In the beginning, LCD displays were generally considered suitable for computer monitors and television sets with small screen sizes. These systems did not require much off-axis viewing as the viewer usually sits closer to the screen. When LCDs started to become an integral part of home theatre unit, the narrow viewing angles of older LCD TVs needed to be improved by the manufactueres. Wide viewing angles make the LCDs suitable for a large room where a large number of viewers can watch the pictures with uniform picture quality. Narrow viewing angles means you have to sit at right in front of the screen and another disadvantage of narrow viewing angles is that they do not allow much audience to watch the TV.
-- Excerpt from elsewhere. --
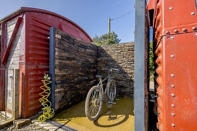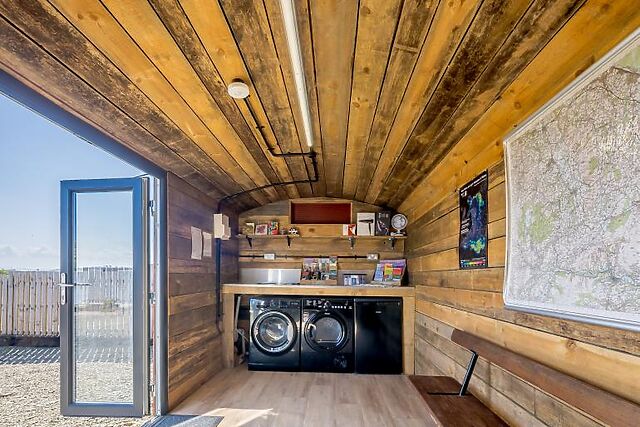 Step inside to find an open-plan living and sleeping area that feels both spacious and intimate. The double bed, complete with a luxurious wool duvet, ensures a snug night's sleep.
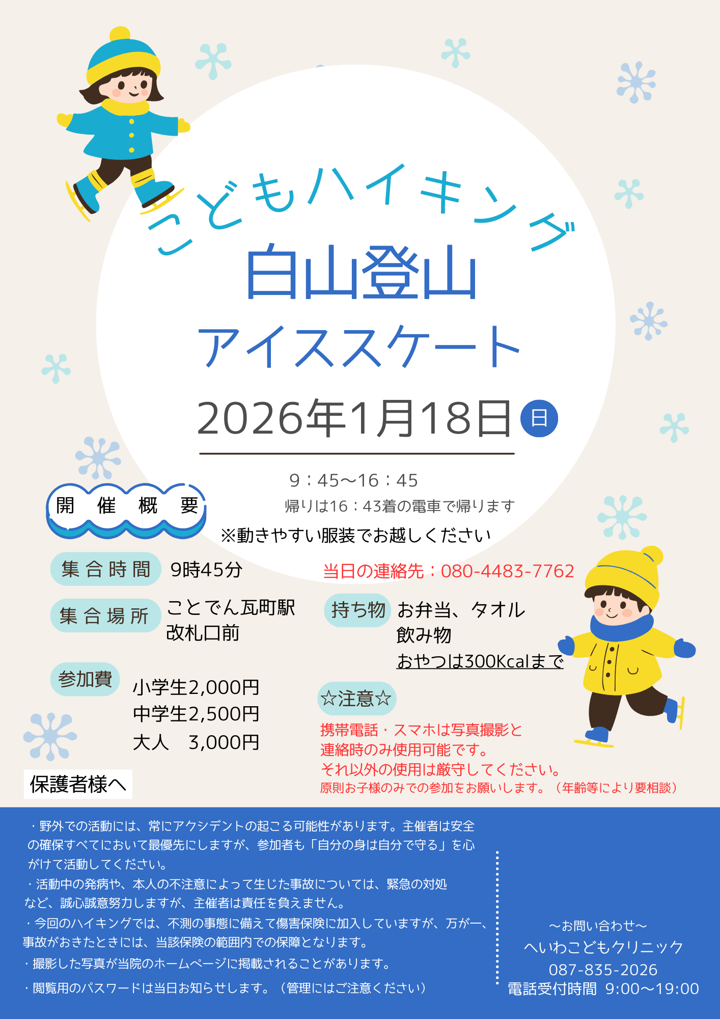 2026年1月 こどもハイキング 2026.01.08 こどもハイキング(PDF) ※撮影した写真が当院のホームページに掲載されることがあります。 ※閲覧用のパスワードは当日お知らせします。 こどもハイキングの参加申し込みフォーム

Viewing angle is another important spec that marks the performance a display device. Viewing angle of a LCD tells us how far we can sit away from its off-axis and still can have acceptable picture quality. Beyond the viewing angle on either side, the image becomes distorted and lacks colour saturation and contrast. This is because the TV sets which have narrow viewing angles tend to reflect more light towards the viewer but less light on either side. As a result, the viewer gets poor picture quality from the sides. Sometimes, the viewing angles of LCD TVs are measured in correlation with contrast ratio. That is, the viewing angle is the angle at which the contrast ratio LCD TV becomes 10:1 or less.

The viewing angle of flat screen is measured across the screen from one direction to another. The maximum viewing angle can be 180 degrees in the case of flat panel displays. Nowadays, the response time is quoted, considering both the horizontal and vertical axis of the view although viewing angle on the basis of horizontal axis carries much importance.

Modern LCDs have come with a few solutions for narrow viewing angles. One of them is to use Optically Compensated Bend (OCB) liquid crystals to eliminate of problem of narrow viewing angles. OCB enables the LCDs to have viewings angles more than 170 degrees. Nowadays, some manufacturers boast that their LCD TVs have viewing angles up to 178 degrees.